● **BRIEF**
From the first line to the last, please reproduce the material exactly, skipping the pictures.

[Opening SOURCE DATA section]

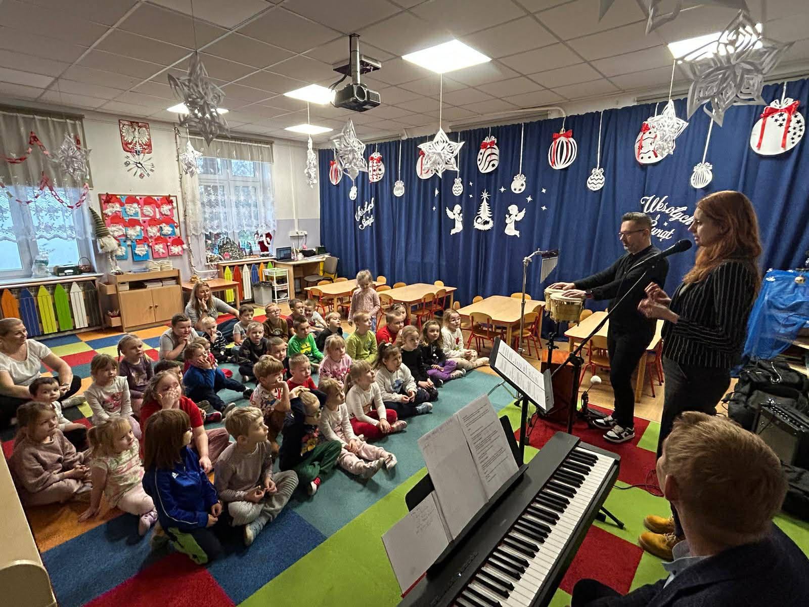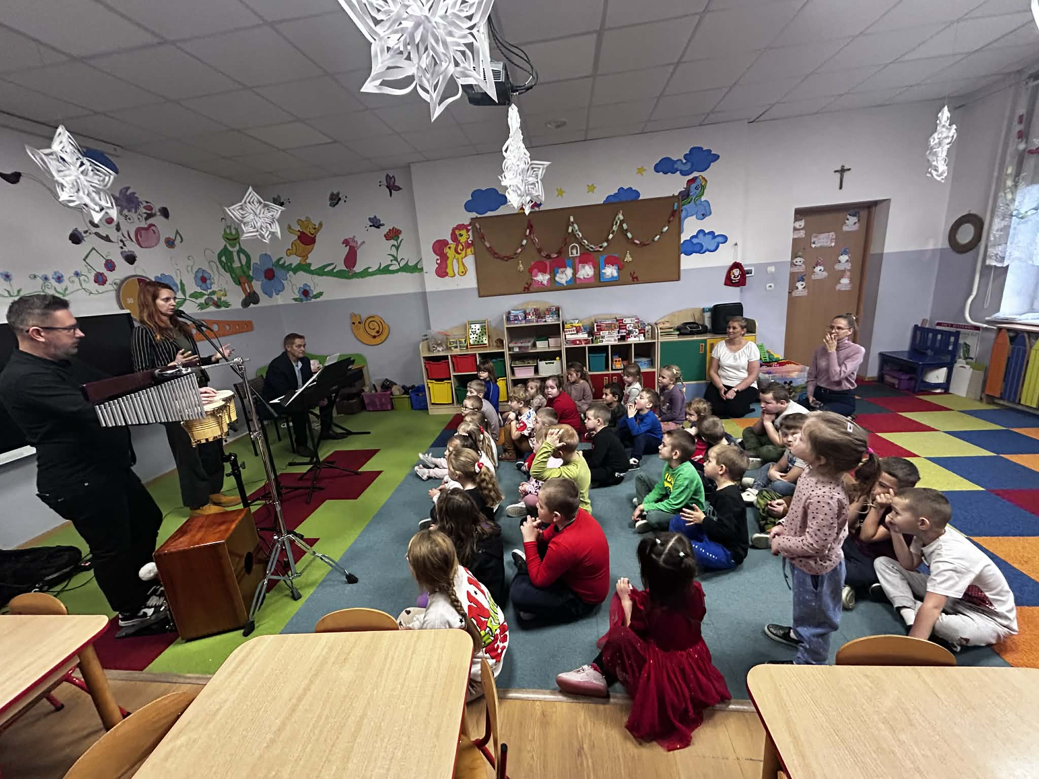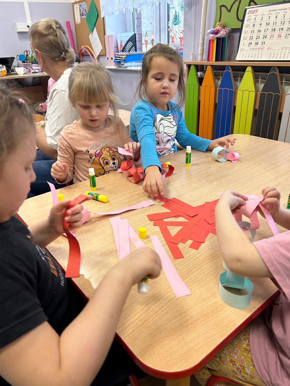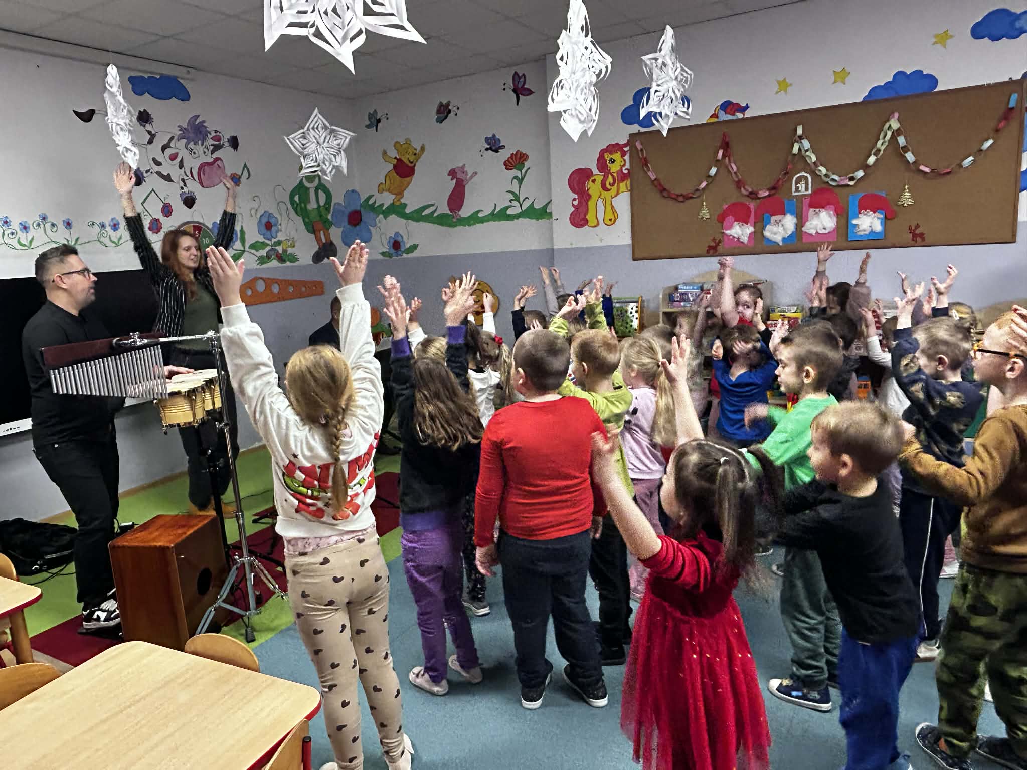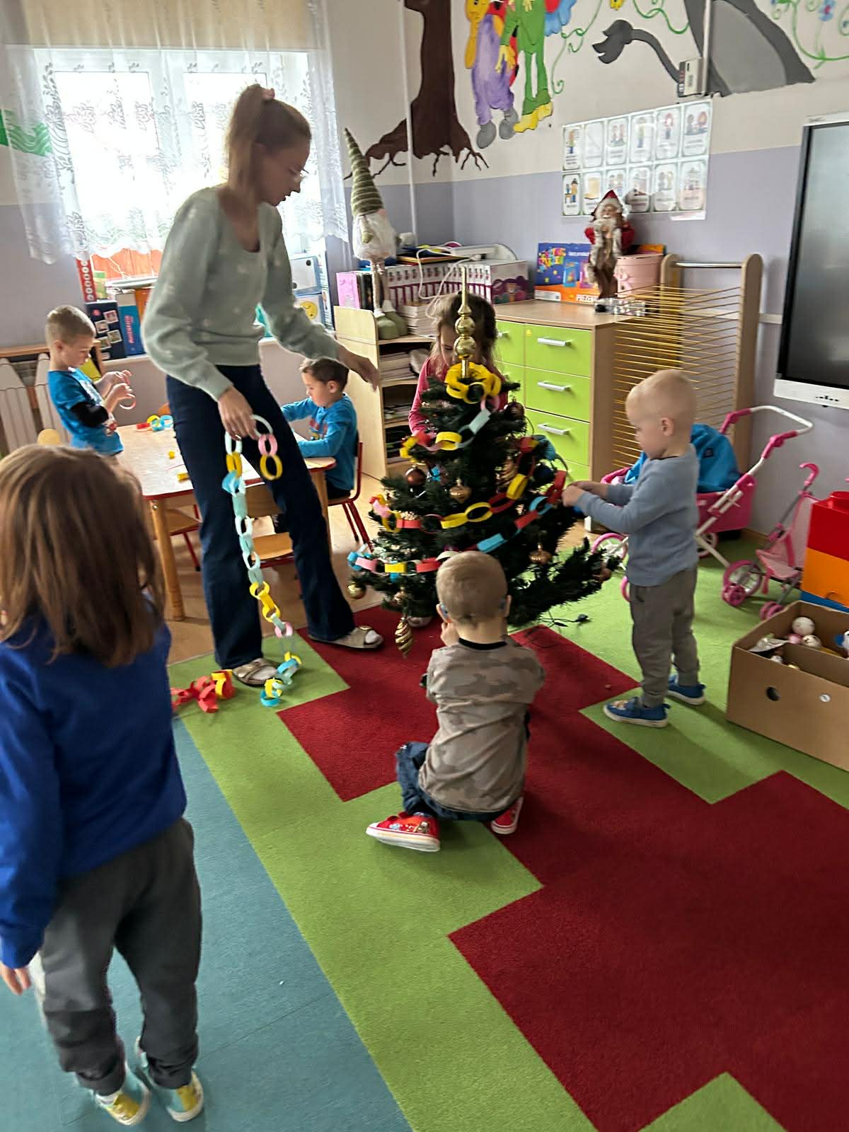 Świąteczny czas w przedszkolu był pełen radości i ciepłej atmosfery. Dzieci z zaangażowaniem wykonywały prace plastyczne o tematyce bożonarodzeniowej, rozwijając swoją kreatywność. Odbyła się również świąteczna sesja zdjęciowa oraz spotkanie z rodzicami. Wspólnie przeżywaliśmy wigilię grupową, dzieląc się życzeniami i śpiewając kolędy. Zwieńczeniem tego wyjątkowego okresu były szkolne jasełka oraz koncert kolęd, które wprowadziły wszystkich w prawdziwie świąteczny nastrój.
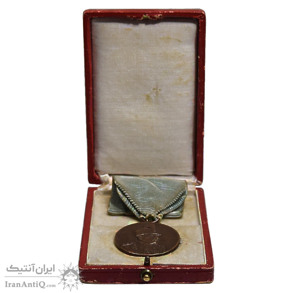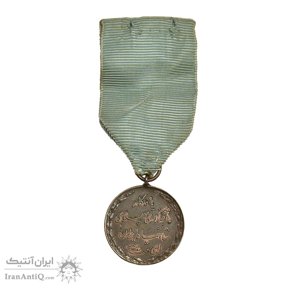 مدال یادگار تاجگذاری 1305 - با جعبه و روبان فابریک - EF - رضا شاه
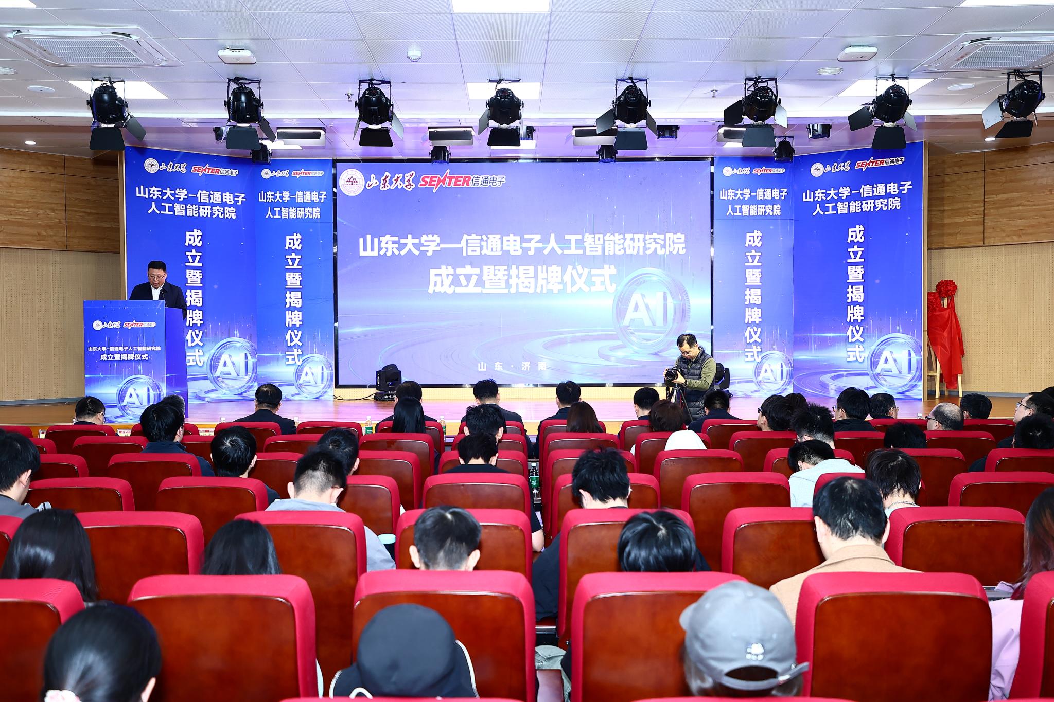 4月2日上午,山东大学—信通电子人工智能研究院成立暨揭牌仪式在软件学院举行。山东大学校长助理刘兆军,淄博市人民政府副秘书长左之军,淄博高新区工委委员、管委会副主任郭忠全,山东信通电子股份有限公司董事长李全用、总经理李莉,山东大学团委书记范金林、校友工作办公室主任王震,软件学院党委书记姜炳刚、院长崔立真参加活动。
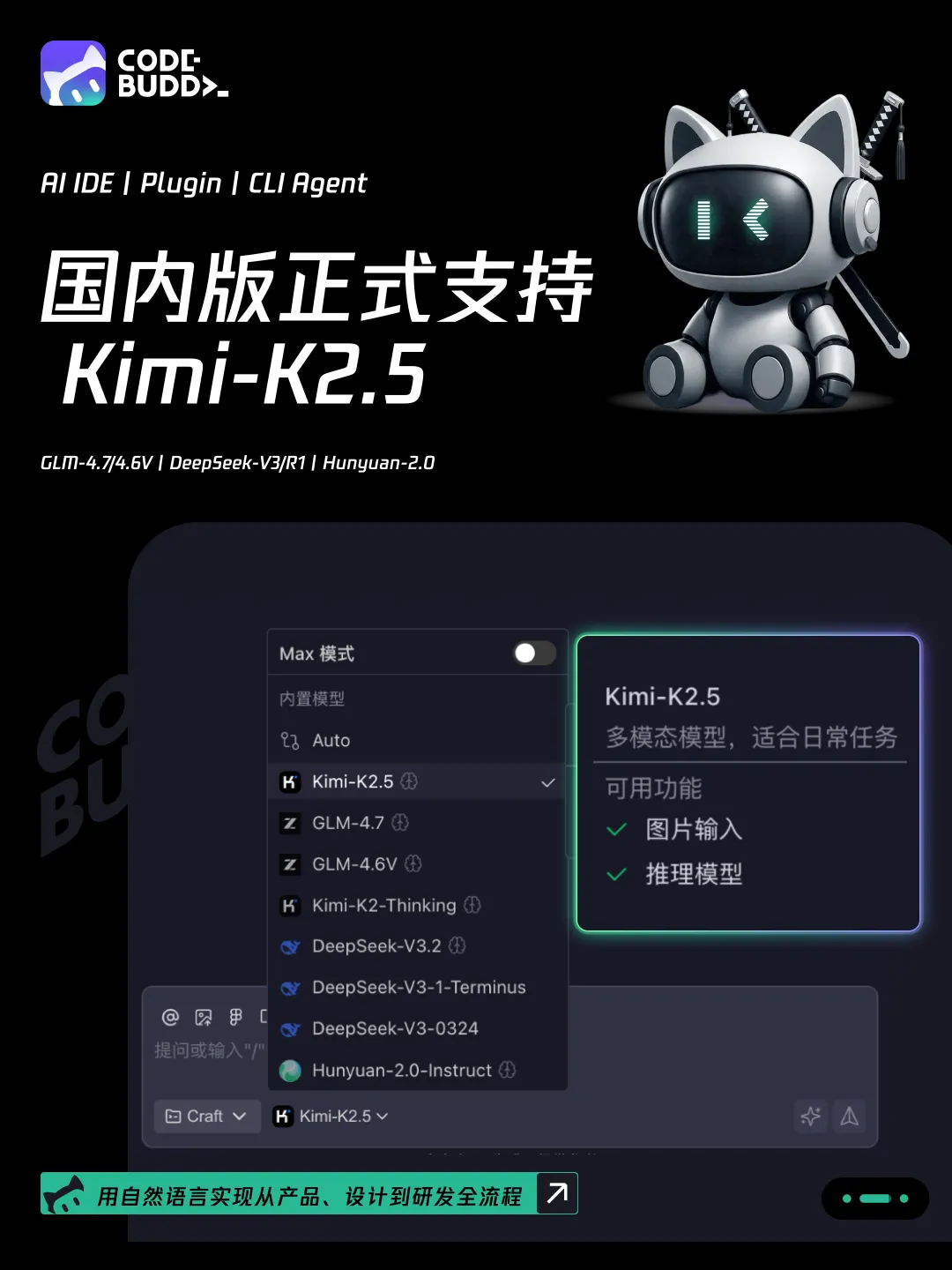 国内大厂旗下的编程工具同样第一时间接入了K2.5模型。腾讯CodeBuddy将其设定为首选模型;字节Trae宣布提供免费额度,阿里Qoder、美团CatPaw等据传也在接入中。

[Closing SOURCE DATA section]

● **WRITTEN REPLY**
 Świąteczny czas w przedszkolu był pełen radości i ciepłej atmosfery. Dzieci z zaangażowaniem wykonywały prace plastyczne o tematyce bożonarodzeniowej, rozwijając swoją kreatywność. Odbyła się również świąteczna sesja zdjęciowa oraz spotkanie z rodzicami. Wspólnie przeżywaliśmy wigilię grupową, dzieląc się życzeniami i śpiewając kolędy. Zwieńczeniem tego wyjątkowego okresu były szkolne jasełka oraz koncert kolęd, które wprowadziły wszystkich w prawdziwie świąteczny nastrój.
 مدال یادگار تاجگذاری 1305 - با جعبه و روبان فابریک - EF - رضا شاه
 4月2日上午,山东大学—信通电子人工智能研究院成立暨揭牌仪式在软件学院举行。山东大学校长助理刘兆军,淄博市人民政府副秘书长左之军,淄博高新区工委委员、管委会副主任郭忠全,山东信通电子股份有限公司董事长李全用、总经理李莉,山东大学团委书记范金林、校友工作办公室主任王震,软件学院党委书记姜炳刚、院长崔立真参加活动。
 国内大厂旗下的编程工具同样第一时间接入了K2.5模型。腾讯CodeBuddy将其设定为首选模型;字节Trae宣布提供免费额度,阿里Qoder、美团CatPaw等据传也在接入中。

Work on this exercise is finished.